### ASSIGNED TASK
For the records below, please print exactly and only the lines from the one with "데이터 제한 설정은 끝났습니다만" down to the one with "Overall it is", both ends included, omitting the pictures.
======== RECORDS ========
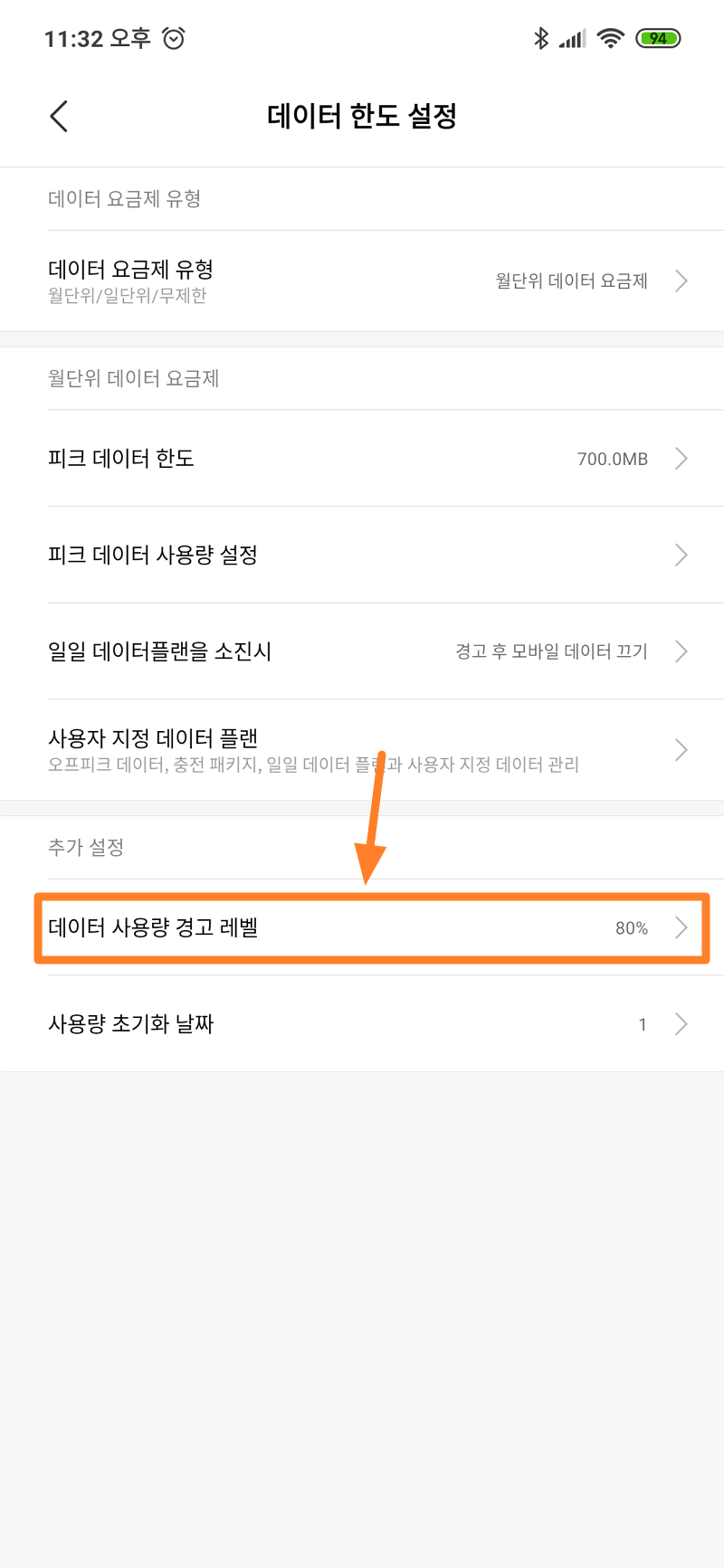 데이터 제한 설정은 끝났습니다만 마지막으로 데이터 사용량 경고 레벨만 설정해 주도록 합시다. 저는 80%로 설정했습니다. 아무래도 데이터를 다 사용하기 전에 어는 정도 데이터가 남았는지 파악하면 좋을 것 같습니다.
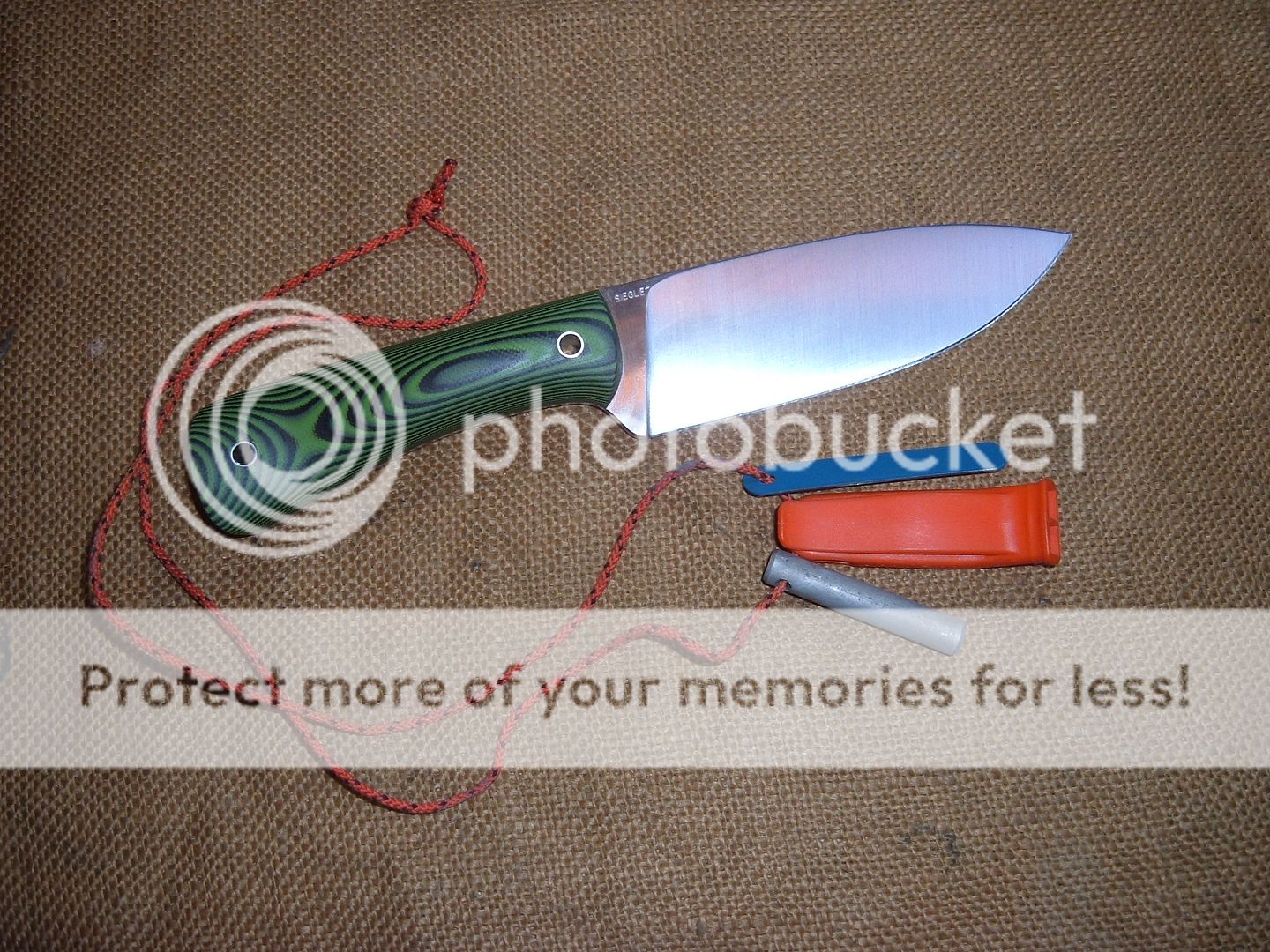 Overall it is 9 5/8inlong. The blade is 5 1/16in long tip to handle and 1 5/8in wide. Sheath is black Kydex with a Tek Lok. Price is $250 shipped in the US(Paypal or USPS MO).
========
======== RECORDS ========
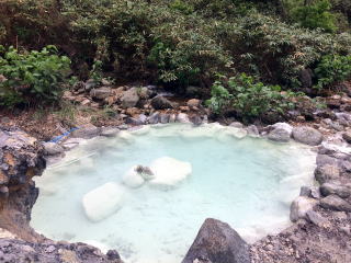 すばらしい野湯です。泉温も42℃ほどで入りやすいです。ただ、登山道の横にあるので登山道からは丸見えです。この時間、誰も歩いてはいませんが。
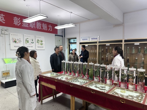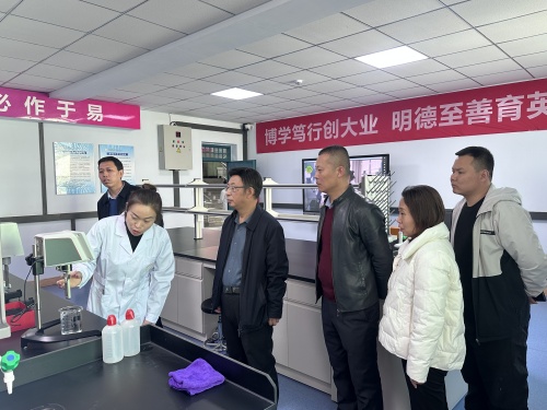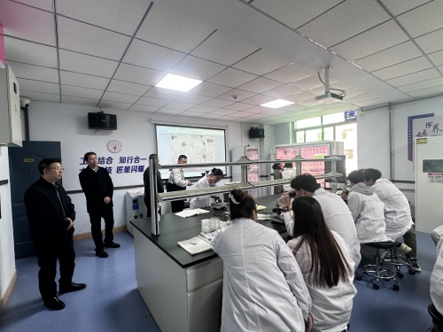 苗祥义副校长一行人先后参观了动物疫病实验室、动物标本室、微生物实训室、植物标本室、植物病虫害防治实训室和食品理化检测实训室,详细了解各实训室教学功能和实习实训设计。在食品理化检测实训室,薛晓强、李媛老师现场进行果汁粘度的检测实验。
========
======== RECORDS ========
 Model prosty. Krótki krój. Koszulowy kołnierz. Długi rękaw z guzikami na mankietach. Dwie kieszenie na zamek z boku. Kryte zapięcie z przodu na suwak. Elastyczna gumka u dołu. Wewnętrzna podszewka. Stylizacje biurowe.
========
### SOLUTION TO THIS TASK
 데이터 제한 설정은 끝났습니다만 마지막으로 데이터 사용량 경고 레벨만 설정해 주도록 합시다. 저는 80%로 설정했습니다. 아무래도 데이터를 다 사용하기 전에 어는 정도 데이터가 남았는지 파악하면 좋을 것 같습니다.
 Overall it is 9 5/8inlong. The blade is 5 1/16in long tip to handle and 1 5/8in wide. Sheath is black Kydex with a Tek Lok. Price is $250 shipped in the US(Paypal or USPS MO).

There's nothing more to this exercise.